-- Task requirements --
Make an exact copy of the listing, without images.

-- Information shown --
== Segment start ==

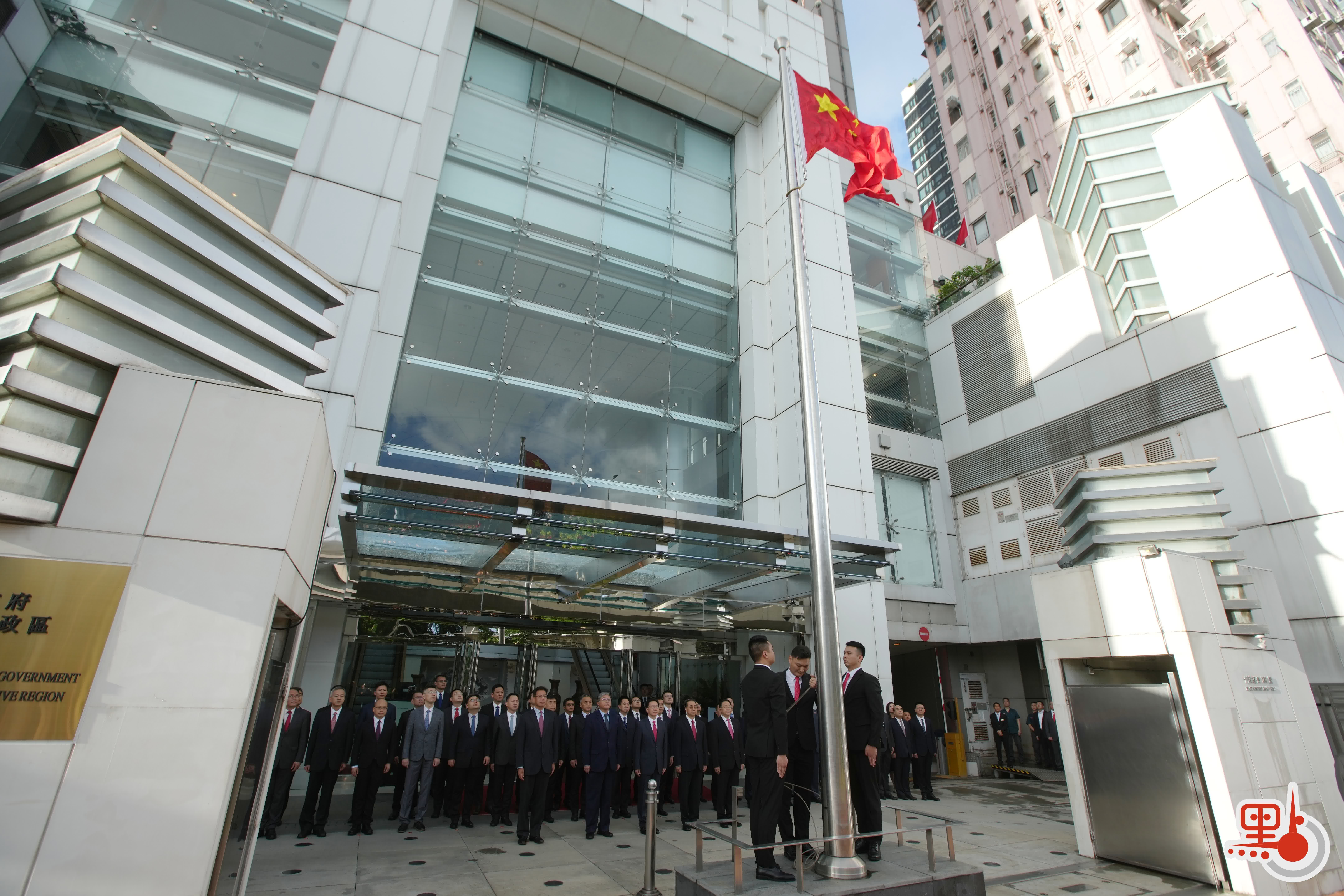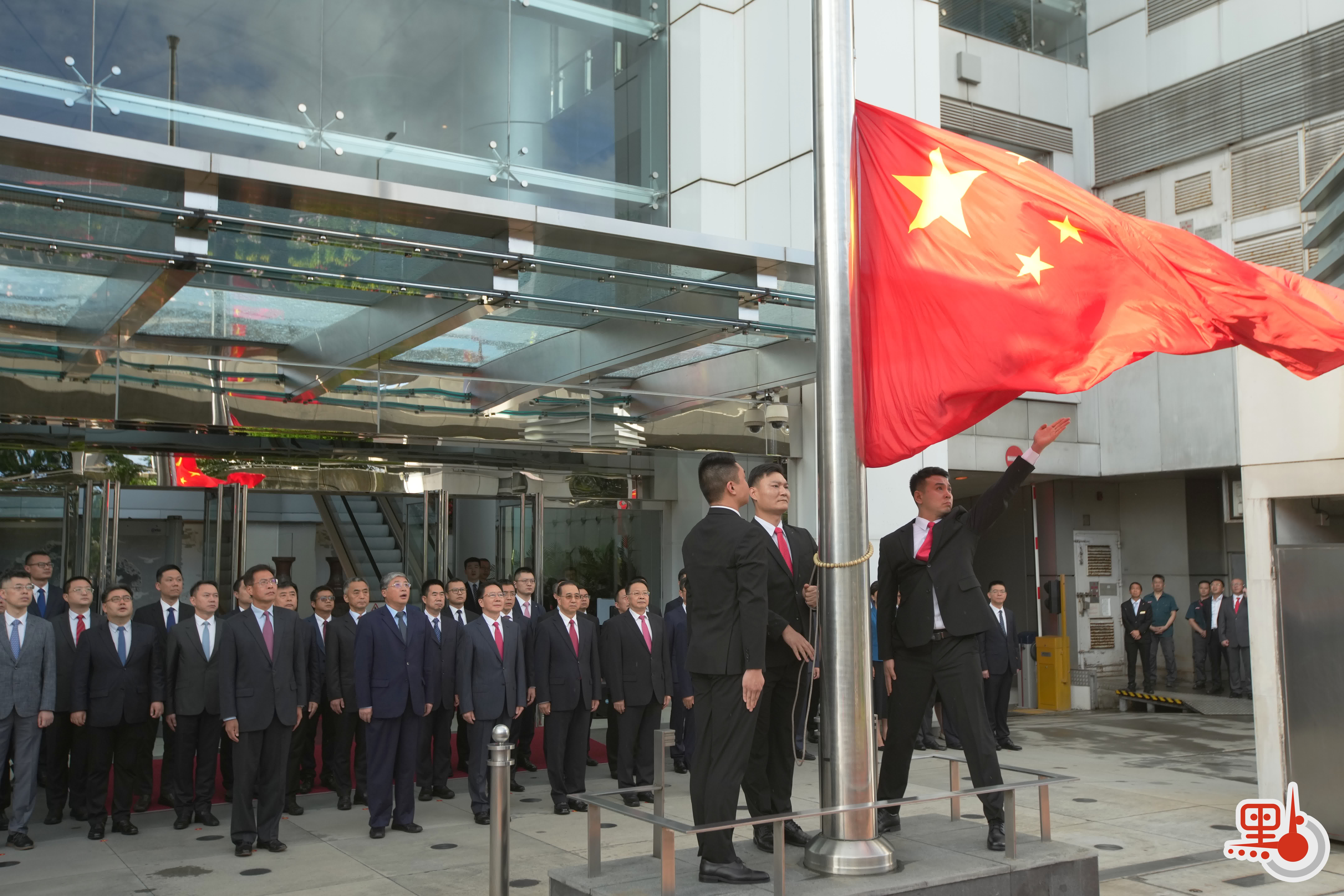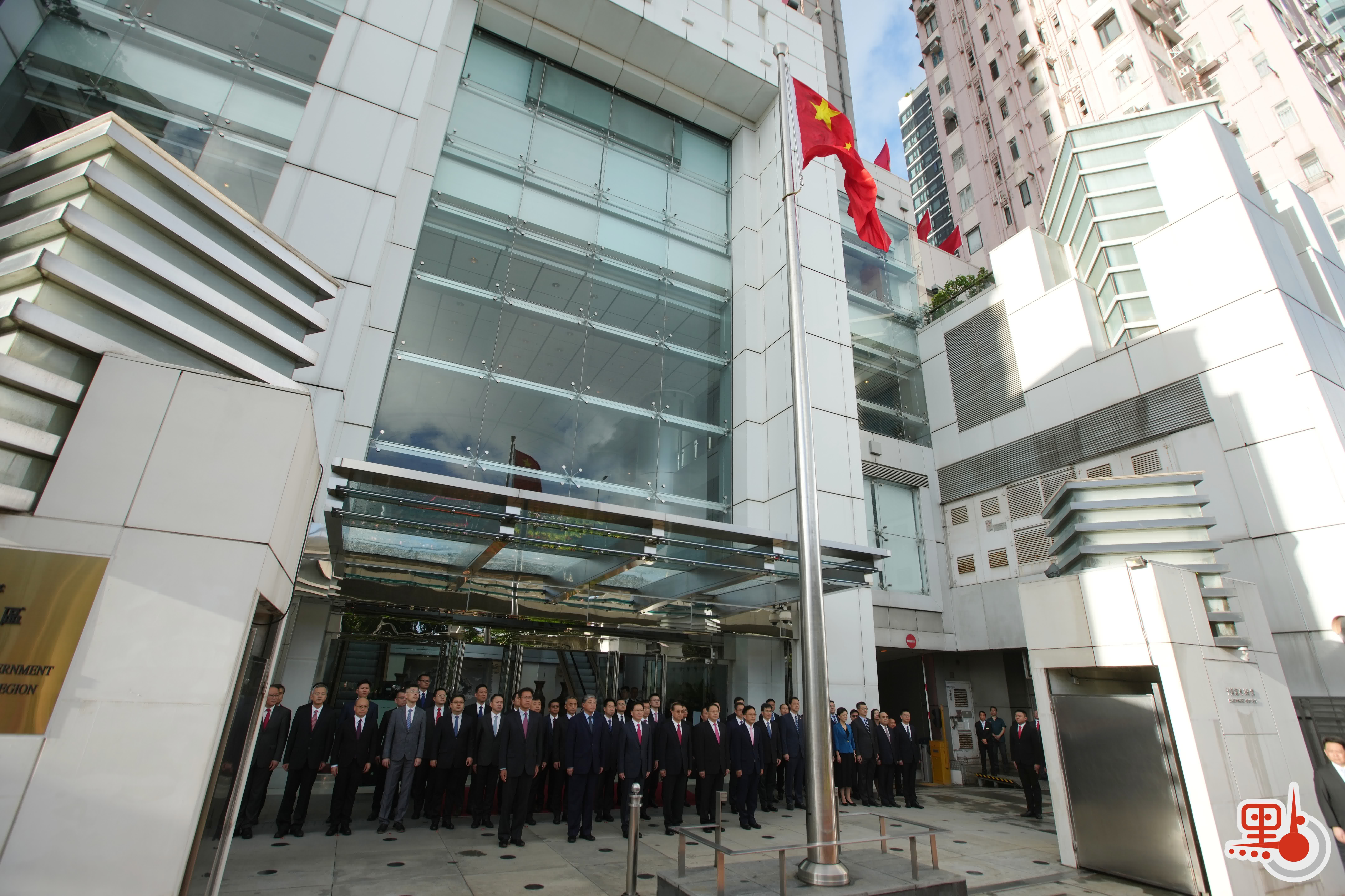 上午7時,升國旗儀式開始。中央政府駐港聯絡辦主任周霽,副主任劉光源、羅永綱、尹宗華、祁斌和秘書長王松苗,以及幹部員工代表在辦公樓前莊嚴肅立。升旗手步伐鏗鏘,護送國旗走向升旗台。伴隨着雄壯激昂的國歌聲,五星紅旗冉冉升起,鮮艷奪目。全體人員向國旗行注目禮,齊聲高唱國歌,表達對祖國和香港的美好祝願。
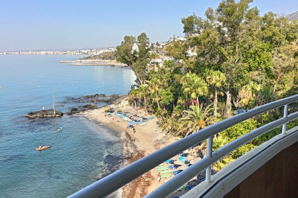 - Rare opportunity to purchace a fantastic beach front apartment in Benalmadena Costa . Residencial Costa Quebrada offers stunning sea views and lush gardens, Development located on the cliff by the sea , so despite the fact that apartment is on the ground floor , it’s very much elevated. Apartment has 2 bedrooms 2 bathrooms spacious leaving room white open plan kitchen and a large terrace. Very big underground parking is included in the price. Location cant be better , many restourants within the walking distance . Bus stop just outside international schools 5 min drive. If you are looking for amazing sea view from your terrace dont look any further
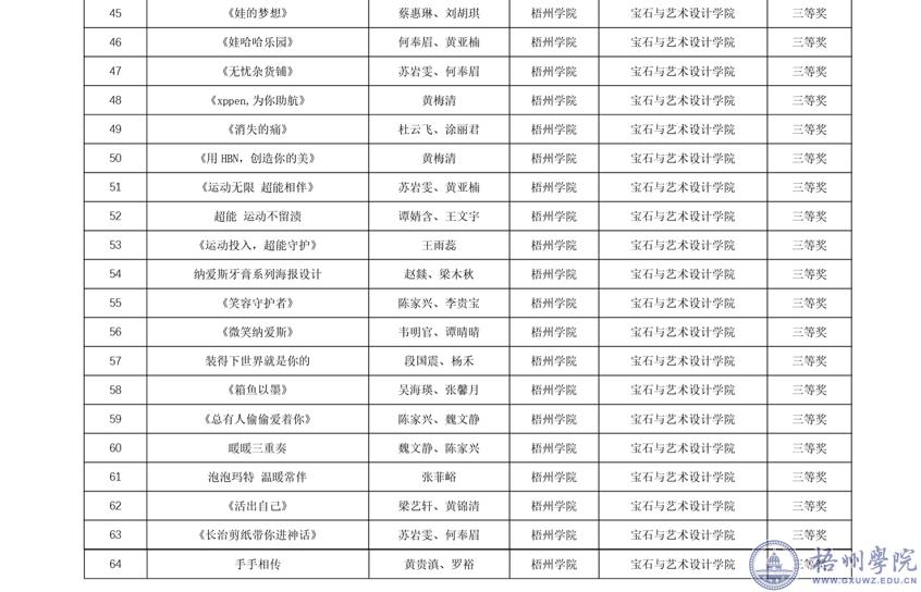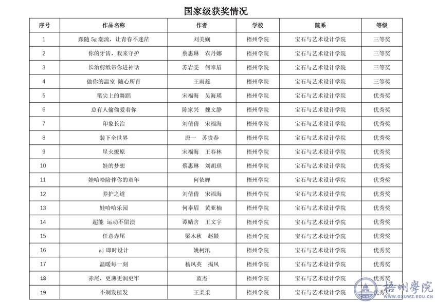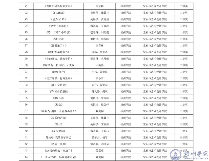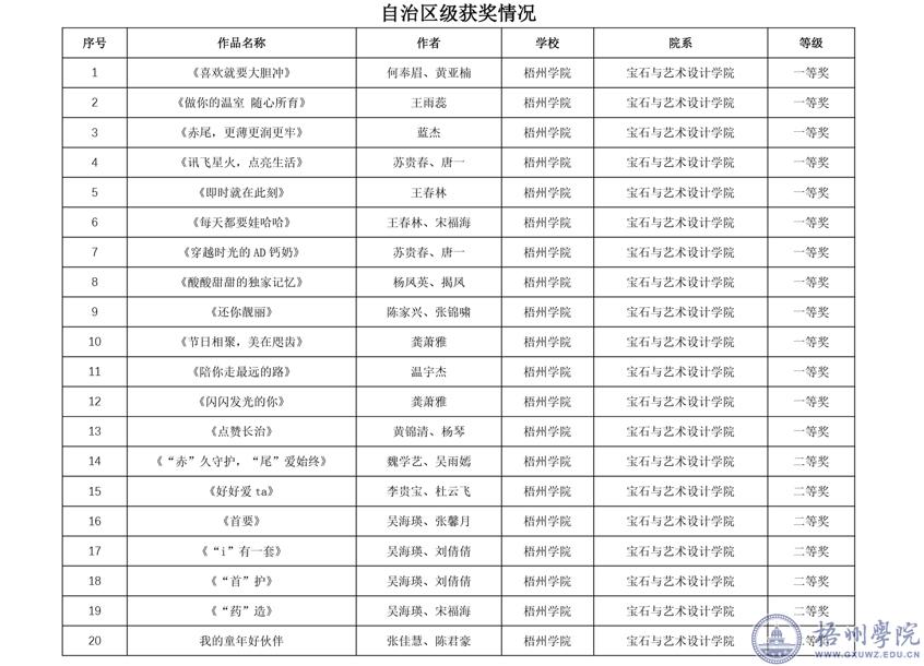 近期,宝石与艺术设计学院组织学生参加第16全国大学生广告艺术大赛,获得国家级三等奖4项,优秀奖15项,自治区级一等奖13项,二等奖23项,三等奖28项根据广西本科教育网显示,我校获奖积分在广西85所普通高等学校中排名第6,获评广西赛区优秀组织单位奖。

== Segment end ==

-- Answer box --
 上午7時,升國旗儀式開始。中央政府駐港聯絡辦主任周霽,副主任劉光源、羅永綱、尹宗華、祁斌和秘書長王松苗,以及幹部員工代表在辦公樓前莊嚴肅立。升旗手步伐鏗鏘,護送國旗走向升旗台。伴隨着雄壯激昂的國歌聲,五星紅旗冉冉升起,鮮艷奪目。全體人員向國旗行注目禮,齊聲高唱國歌,表達對祖國和香港的美好祝願。
 - Rare opportunity to purchace a fantastic beach front apartment in Benalmadena Costa . Residencial Costa Quebrada offers stunning sea views and lush gardens, Development located on the cliff by the sea , so despite the fact that apartment is on the ground floor , it’s very much elevated. Apartment has 2 bedrooms 2 bathrooms spacious leaving room white open plan kitchen and a large terrace. Very big underground parking is included in the price. Location cant be better , many restourants within the walking distance . Bus stop just outside international schools 5 min drive. If you are looking for amazing sea view from your terrace dont look any further
 近期,宝石与艺术设计学院组织学生参加第16全国大学生广告艺术大赛,获得国家级三等奖4项,优秀奖15项,自治区级一等奖13项,二等奖23项,三等奖28项根据广西本科教育网显示,我校获奖积分在广西85所普通高等学校中排名第6,获评广西赛区优秀组织单位奖。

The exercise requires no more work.